* **TASK GOAL**:
Write down the listing again exactly as it appears below, without its pictures.

* **DATA**:
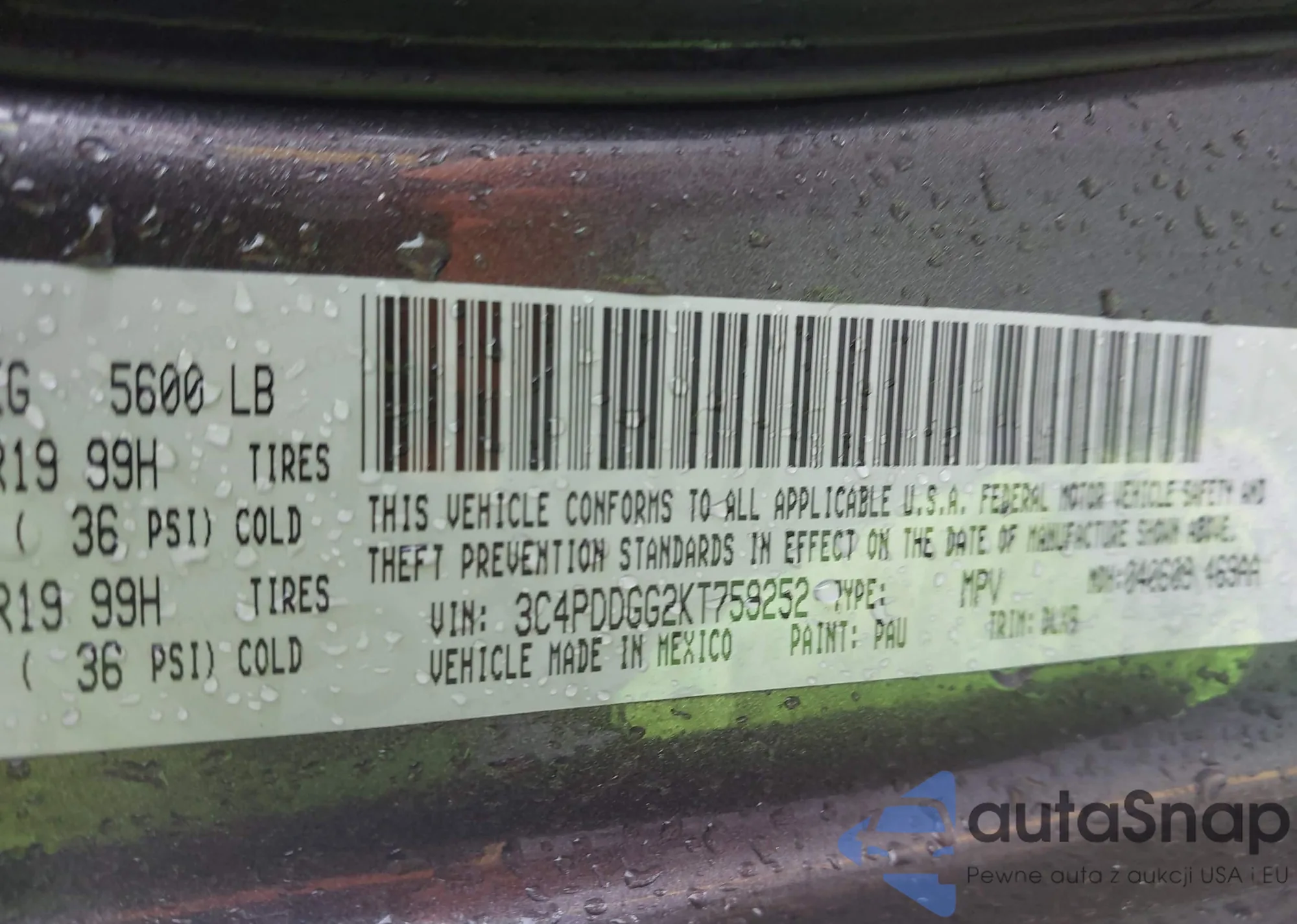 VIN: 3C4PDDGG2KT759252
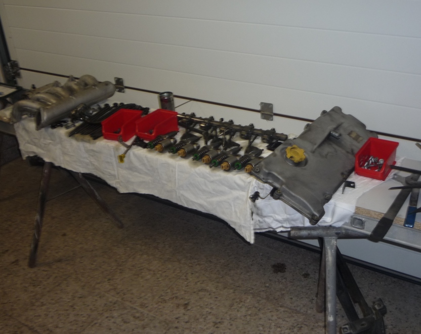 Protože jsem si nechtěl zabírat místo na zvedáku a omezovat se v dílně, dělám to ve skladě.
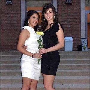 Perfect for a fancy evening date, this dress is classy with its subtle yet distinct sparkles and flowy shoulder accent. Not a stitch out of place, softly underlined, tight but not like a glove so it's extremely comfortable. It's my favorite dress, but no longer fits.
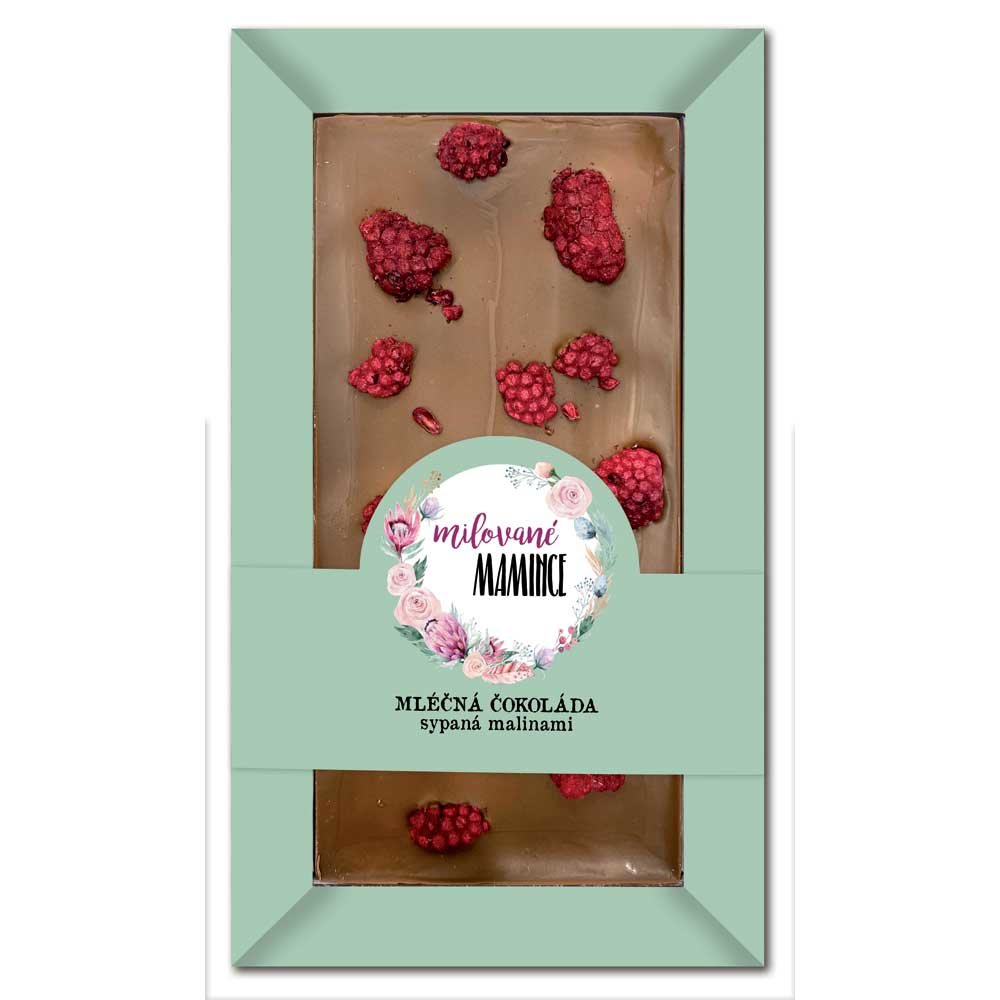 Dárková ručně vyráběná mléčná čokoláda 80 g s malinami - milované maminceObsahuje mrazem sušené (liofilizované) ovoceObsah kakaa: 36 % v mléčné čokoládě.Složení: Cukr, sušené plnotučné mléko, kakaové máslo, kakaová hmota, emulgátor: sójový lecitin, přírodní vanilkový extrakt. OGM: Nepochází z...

* **RESULT BELOW**:
 VIN: 3C4PDDGG2KT759252
 Protože jsem si nechtěl zabírat místo na zvedáku a omezovat se v dílně, dělám to ve skladě.
 Perfect for a fancy evening date, this dress is classy with its subtle yet distinct sparkles and flowy shoulder accent. Not a stitch out of place, softly underlined, tight but not like a glove so it's extremely comfortable. It's my favorite dress, but no longer fits.
 Dárková ručně vyráběná mléčná čokoláda 80 g s malinami - milované maminceObsahuje mrazem sušené (liofilizované) ovoceObsah kakaa: 36 % v mléčné čokoládě.Složení: Cukr, sušené plnotučné mléko, kakaové máslo, kakaová hmota, emulgátor: sójový lecitin, přírodní vanilkový extrakt. OGM: Nepochází z...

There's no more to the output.